СПРАВИЛИ, НАЗЫВАЕТСЯ
Есть номера, которые, когда высвечиваются, самое разумное —
не отвечать. Вот на этот — точно не надо бы. Но деваться некуда — или сейчас
ответишь, или потом все равно придется перезванивать. Потому что общая
собственность — дело такое, бесконечное. То налоги какие-нибудь, то, не дай
бог, капремонт, то что-то переоформить надо, и подпись твоя нужна как одного из
собственников.
Самое обидное, что собственник ты только на бумаге, а время
тратишь свое, настоящее. Шесть лет назад выписываться было особо некуда,
поэтому решили, что пусть будет как есть, а так — конечно, она твоя, эта
квартира, о чем речь, я же ушел, не ты.
Все как обычно — ни тебе здрасьте,
ни как дела. Мне, говорит, помощь нужна.
Ну?
Тут начинается история.

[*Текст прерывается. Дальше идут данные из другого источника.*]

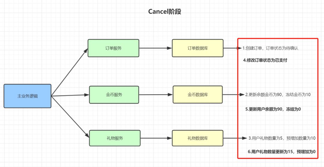 Cancel 阶段:若业务执行失败,则进入该阶段,它会释放 Try 阶段占用的所有业务资源,并回滚 Confirm 阶段执行的所有操作。
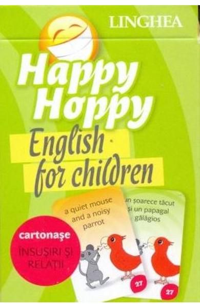 Happy Hoppy. English for Children. Cartonase: Insusiri si relatii contine cartonase cu imagini pentru invatarea distractiva a limbii engleze. In cutie gasiti: • 52 de cartonase in engleza si romana • ilustratii colorate • expresii alese cu grija
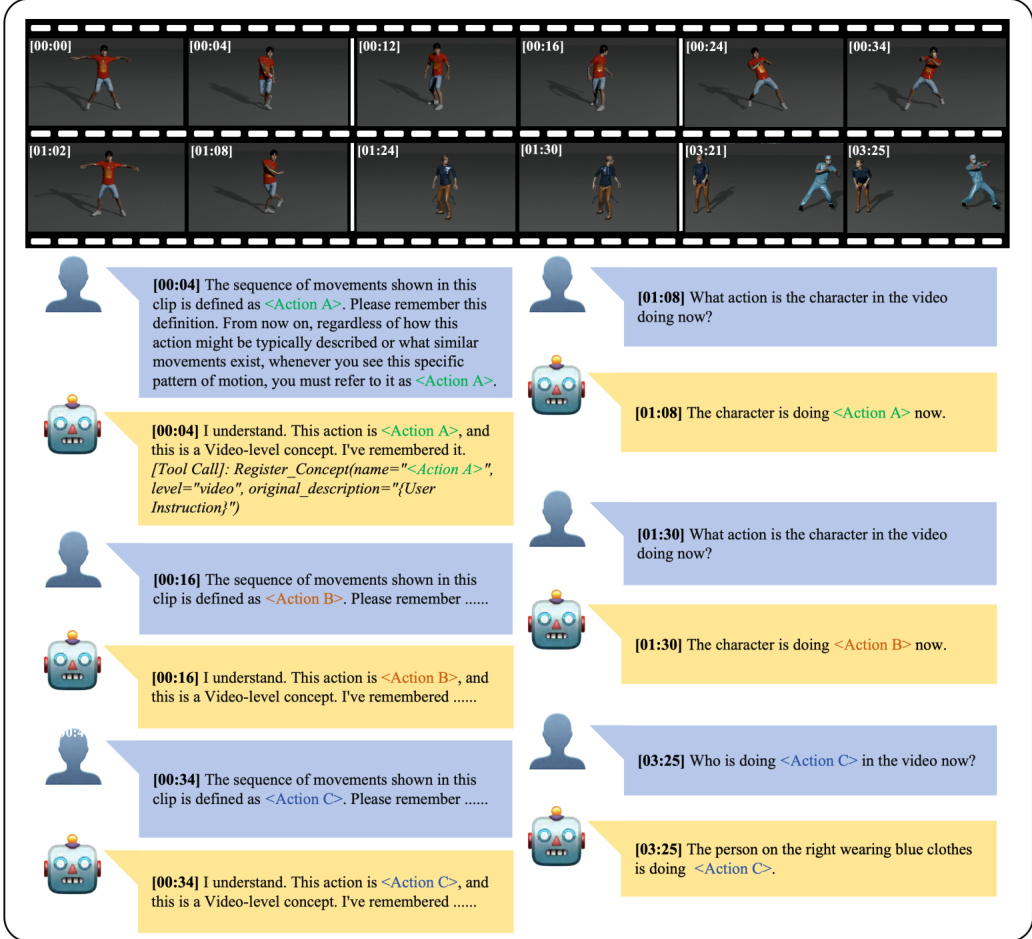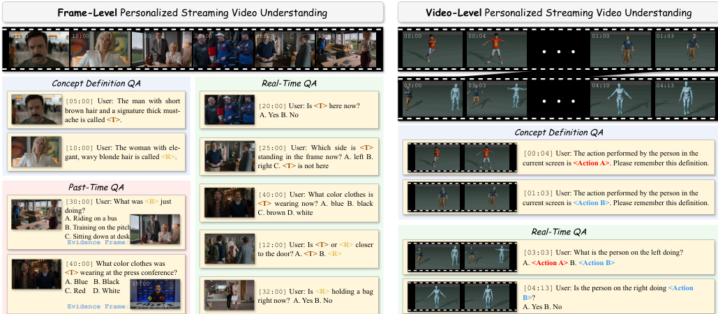 Key Details for Each Subset: The dataset supports two distinct concept types: Frame-level concepts (static characters) and Video-level concepts (dynamic actions). Annotations are categorized into three QA types: Concept-Definition for registering new concepts, Real-Time for querying current states, and Past-Time for retrieving historical evidence. The average video duration is 1,458 seconds, with all annotations linked to precise timestamps.

Ни с кем больше, конечно, такое
произойти не может.
Вот, представляешь, говорит, я ехала из Архангельска, и в
купе у меня соседи — папа с мальчиком. Мальчику двенадцать. И он какой-то
совершенно несчастный, худющий, просто весь на просвет, а еще такой типаж,
знаешь, северный, светлые волосы, весь какой-то ломкий…
Типаж, говорю, знаю, но ты держись ближе к делу.
Ну вот, он когда из купе вышел, я у отца спрашиваю, а он
такой, знаешь, незамысловатый, но хороший, работяга,
но не жлоб…
Попробуй еще ближе к делу, я в тебя верю, у тебя получится.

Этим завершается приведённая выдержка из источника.